2 Fig. 8 shows the curve \(y = \mathrm { f } ( x )\), where \(\mathrm { f } ( x ) = \frac { x } { \sqrt { 2 + x ^ { 2 } } }\)
\begin{figure}[h]
\includegraphics[alt={},max width=\textwidth]{93ee09be-f014-4dd7-a8da-8646837b17a5-1_471_674_761_719}
\captionsetup{labelformat=empty}
\caption{Fig. 8}
\end{figure}
- Show algebraically that \(\mathrm { f } ( x )\) is an odd function. Interpret this result geometrically.
- Show that \(\mathrm { f } ^ { \prime } ( x ) = \frac { 2 } { \left( 2 + x ^ { 2 } \right) ^ { \frac { 3 } { 2 } } }\). Hence find the exact gradient of the curve at the origin.
- Find the exact area of the region bounded by the curve, the \(x\)-axis and the line \(x = 1\).
- \(( A )\) Show that if \(y = \frac { x } { \sqrt { 2 + x ^ { 2 } } }\), then \(\frac { 1 } { y ^ { 2 } } = \frac { 2 } { x ^ { 2 } } + 1\).

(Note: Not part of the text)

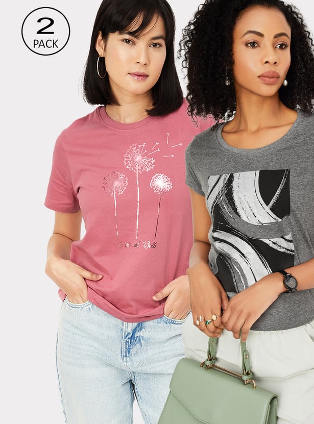 This pack of two printed T-shirts features round necklines and half sleeves for a relaxed, everyday fit.

(B) Differentiate \(\frac { 1 } { y ^ { 2 } } = \frac { 2 } { x ^ { 2 } } + 1\) implicitly to show that \(\frac { \mathrm { d } y } { \mathrm {~d} x } = \frac { 2 y ^ { 3 } } { x ^ { 3 } }\). Explain why this expression cannot be used to find the gradient of the curve at the origin.